枚田にとってはテニスが州よりも優れている唯一の分野であり、自信だった。
「テニスしてたら、少しはぶさいくが補正されるかもな」
「ひどいなぁ」
「別にぶさいくが悪いとは言ってないじゃん」
枚田は、ふと窓ガラスに映る自分を見て、そんなにひどいだろうかと思った。
州はそんな枚田を見て愉快そうに笑っている。
肩に乗せていた足を首の後ろに回してくるから、引き寄せられる形で押し倒してしまった。
「嘘だってば」
枚田が機嫌を損ねたと思ったらしい州が訂正してくるが、枚田の全意識はこの州を組み敷くような——いわゆる正常位みたいな体勢に向けられていた。
焦るあまり、しかめ面になってしまったのだった。
枚田の反応が薄いのが気になったのか、彼は足をややずらし、腰に回してきた。
「わっ」
より体が密着し、変な声が出る。
「それほどひどくないって。ちょっとぶさいくなだけだよ」
彼は枚田の腰を足で挟みながら、意図的な力を込めて密着してきた。
「わかったよ。ぶさいくでいいから!」
抵抗による摩擦であっという間に下半身が反応してしまい、州を突き飛ばすようにして離れた。

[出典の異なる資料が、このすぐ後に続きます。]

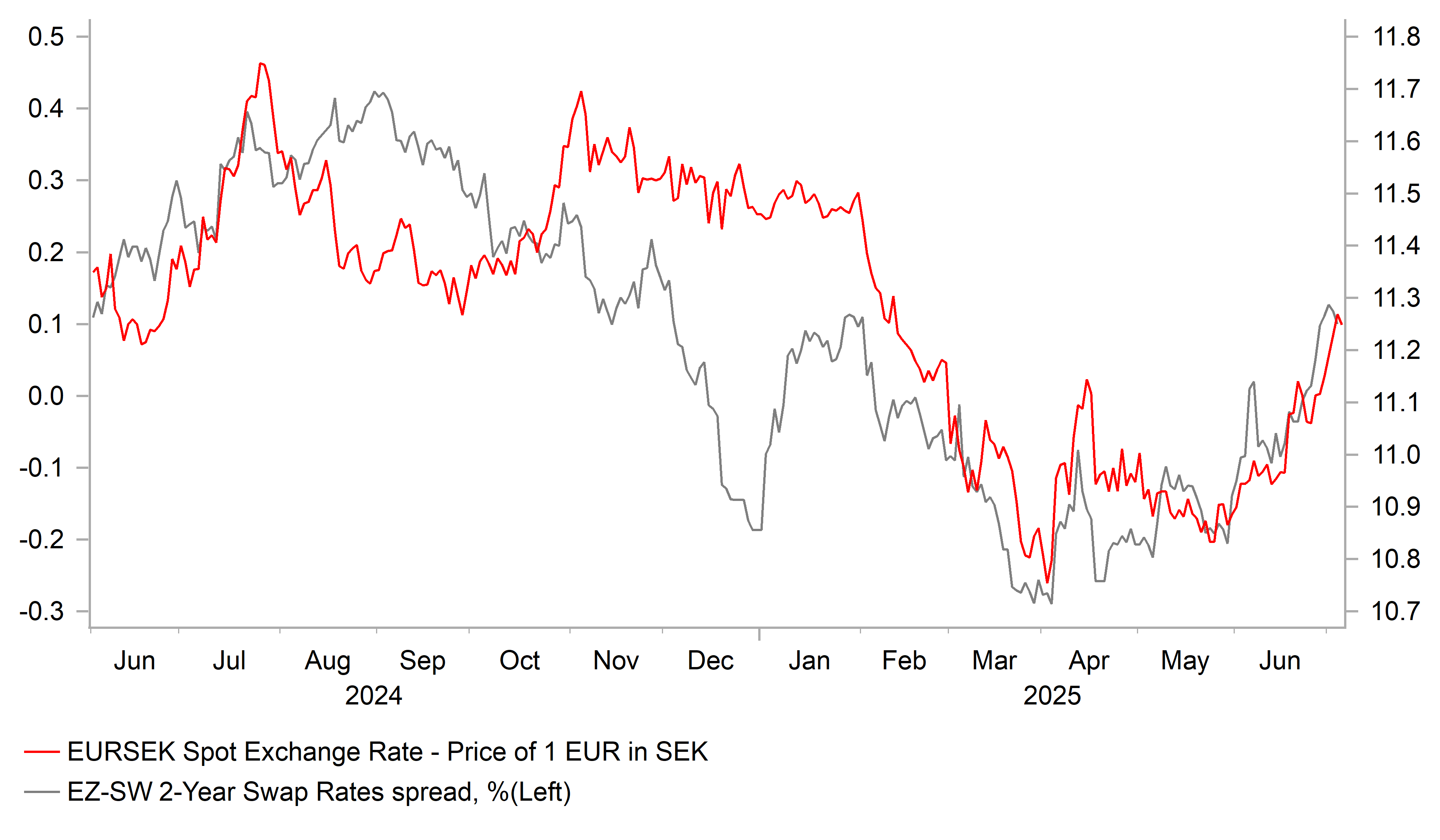 EUR/SEK TIGHTLY LINKED TO YIELD SPREADS IN 2025

互いに薄着だし、しっかり肌が触れ合っていたのだ。州にはもろにバレてしまっている。
彼がからかい半分で体を密着させてくることはよくあって、枚田はそのたび、こうして律儀に反応してしまう。
思春期のありあまる欲求を、自力でコントロールすることは不可能だった。
しかし、彼はそれに気づいていながらも、いつものように意地悪く追及してくることはなかった。

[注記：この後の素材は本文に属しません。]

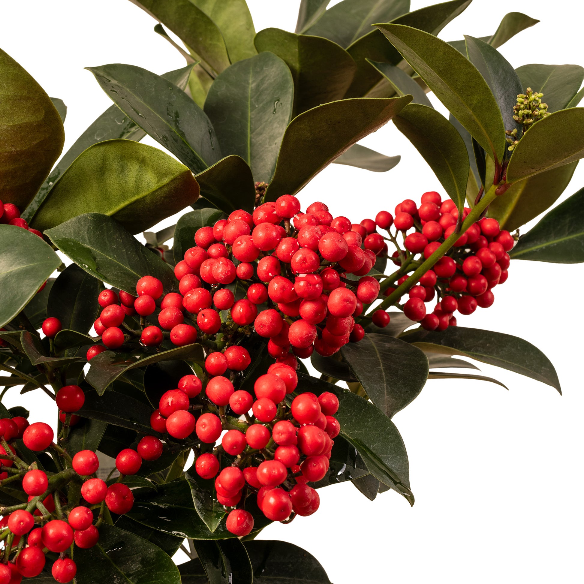 This Skimmia Redruth is a beautiful, bushy evergreen plant that brings together all the colours of Christmas. Glossy, green foliage and red berries are complemented by white, scented Spring flowering. The perfect Christmas gift, complete with rustic gift bag and stylish bow that flourishes all year long, Position the Skimmia in areas receiving partial shade, shielding it from the harshness of direct sunlight. A well-drained, consistently moist soil is key to its thriving, necessitating regular watering, especially during the drier phases of its inaugural growth year.
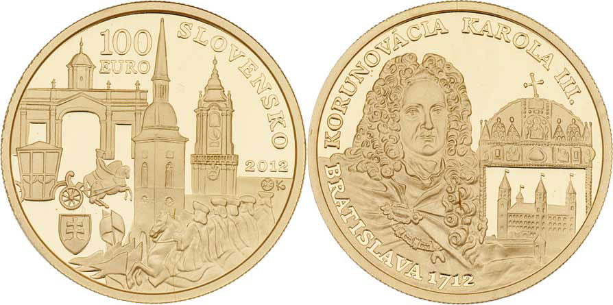 100 Euro 2012 - korunovace Karla III., KM.0-nové (Au900, 9.50g, pouze 7.000ks), kapsle, etue, karta, přebal, reklamní prospekt
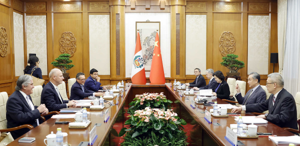 王毅表示,中秘都是文明古國,從歷史長河中汲取營養和智慧。我們都珍惜和平反對戰爭、致力團結反對分裂、尋求合作反對對抗,都支持國際關係民主化、反對單邊和霸凌行徑,都支持聯合國在國際事務中發揮主導作用、反對編織各種「小集團」「小圈子」,都支持不同社會制度的國家和平共處、反對陣營對立和大國對抗。中秘是真誠互信的好朋友、好夥伴。去年11月,習近平主席同博魯阿爾特總統在舊金山成功會晤,為推進中秘關係發展指明方向。中方願同秘方共同落實好兩國元首重要共識,弘揚傳統友誼,以高水平政治互信帶動高質量互利合作,推動中秘全面戰略夥伴關係邁上新台階。

むしろ、なぜか安楽たる表情を浮かべる。それがよくわからなかった。
「勝ったらアイスおごってやるよ」
「もし負けたら?」
「マイのおごりな」
寝転んだまま、州が笑う。
この姿や肌の感触、温度を思い出しながら——今日も夜な夜な懊悩に浸ることになるのだろうと、枚田は思うのだった。